= Stray voltage =

Electrical potential between unexpected places

Stray voltage is the occurrence of electrical potential between two objects that ideally should not have any voltage difference between them. Small voltages often exist between two grounded objects in separate locations by the normal current flow in the power system. Contact voltage is a better defined term when large voltage appear as a result of a fault. Contact voltage on the enclosure of electrical equipment can appear from a fault in the electrical power system, such as a failure of insulation.

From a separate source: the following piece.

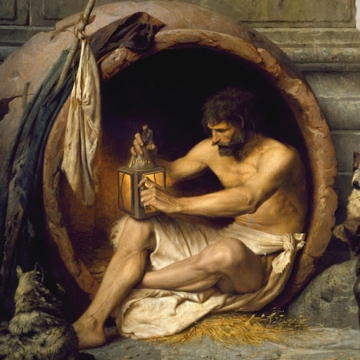 Диоген Синопский, один из самых эксцентричных и дерзких философов античности, родился в городе Синопе на берегу Чёрного моря. Но его жизнь и философия настолько потрясли мир, что он стал известен далеко за пределами родного города. Диоген провёл большую часть жизни в Афинах, где его идеи и образ жизни вызывали восхищение и возмущение одновременно. Основные идеи Диогена можно выразить в нескольких ключевых тезисах: Кинизм как философия жизни. Диоген был одним из основателей кинизма — течения, которое ставило во главу угла простоту, аскетизм и жизнь в гармонии с природой. Киники считали, что настоящее счастье можно найти только в простой жизни, свободной от условностей и общественных предрассудков. Презрение к богатству. Диоген презирал богатство и материальные ценности. Он жил в глиняной бочке, спал на голой земле и носил одну и ту же одежду. Его аскетизм был демонстративным актом протеста против общества, которое поклонялось золоту и серебру. Шутливые анекдоты. Диоген был мастером пар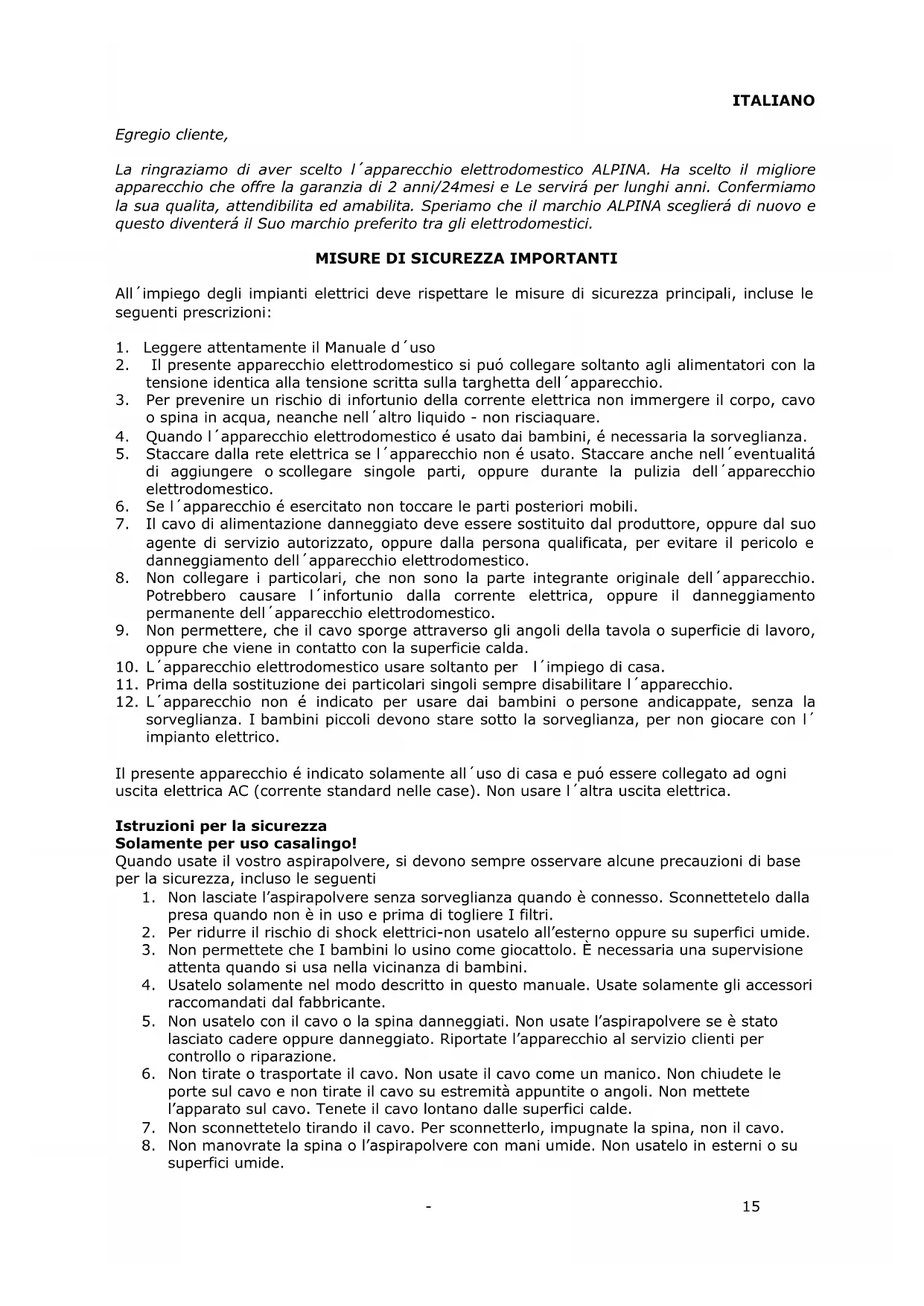 Egregio cliente, La ringraziamo di aver scelto l´apparecchio elettrodomestico ALPINA. Ha scelto il migliore apparecchio che offre la garanzia di 2 anni/24mesi e Le servirá per lunghi anni. Confermiamo la sua qualita, attendibilita ed amabilita. Speriamo che il marchio ALPINA sceglierá di nuovo e questo diventerá il Suo marchio preferito tra gli elettrodomestici.

A fallen power conductor from a transmission line forces current through the earth back to the source, which is connected to the earth. The resistance of the earth to current produces a voltage difference between the point of contact and distant earth. If the rate of change of voltage with distance is large, a dangerous potential may exist between the feet of a person in the area.

==Terminology==
The terminology, stray voltage may be used in any case of undesirable elevated electrical potential. More precise terminology gives an indication of the source of the voltage. Neutral to earth voltage (NEV) specifically refers to a difference in potential between a locally grounded object and the grounded return conductor, or neutral, of an electrical system. The neutral is theoretically at 0 V potential, as any grounded object, but current flows on the neutral back to the source, somewhat elevating the neutral voltage. NEV is the product of current flowing on the neutral and the finite, non-zero impedance of the neutral conductor between a given point and its source, often a distant electrical substation. NEV differs from accidentally-energized objects because it is an unavoidable result of normal system operation, not an accident or a fault in materials or design.

==Definitions==
===Official definition (draft)===
In 2005, the Institute of Electrical and Electronics Engineers (IEEE) convened Working Group 1695 in an attempt to lay down definitions and guidelines for mitigating the various phenomena referred to as "stray voltage". The working group attempted to distinguish between the terms stray voltage and contact voltage as follows:

- Stray voltage is defined as "A voltage resulting from the normal delivery and/or use of electricity (usually smaller than 10 volts) that may be present between two conductive surfaces that can be simultaneously contacted by members of the general public and/or their animals. Stray voltage is caused by primary and/or secondary return current, and power system induced currents, as these currents flow through the impedance of the intended return pathway, its parallel conductive pathways, and conductive loops in close proximity to the power system. Stray voltage is not related to power system faults, and is generally not considered hazardous."
- Contact voltage is defined as "A voltage resulting from abnormal power system conditions that may be present between two conductive surfaces that can be simultaneously contacted by members of the general public and/or their animals. Contact voltage is caused by power system fault current as it flows through the impedance of available fault current pathways. Contact voltage is not related to normal system operation and can exist at levels that may be hazardous."

===Working definition===
In spite of the above definitions, the term stray voltage continues to be used by both utility workers and the general public for all occurrences of unwanted excess electricity. For example, at the annual "Jodie S. Lane Stray Voltage Detection, Mitigation & Prevention Conference", held at the Con Edison headquarters in New York City in April 2009, the presidents of most major utilities from throughout the United States and Canada continued to use stray voltage for all occurrences of unwanted excess electricity. The term contact voltage was used only once, possibly because "contact voltage" is generally the fault of the supply, network, or installation company. Few companies are willing to openly discuss their faults, let alone those that are seen as life-threatening. It would seem that stray voltage is now the common term for all unwanted voltage leakage because it categorises the fault as part of normal operation and so limits liability.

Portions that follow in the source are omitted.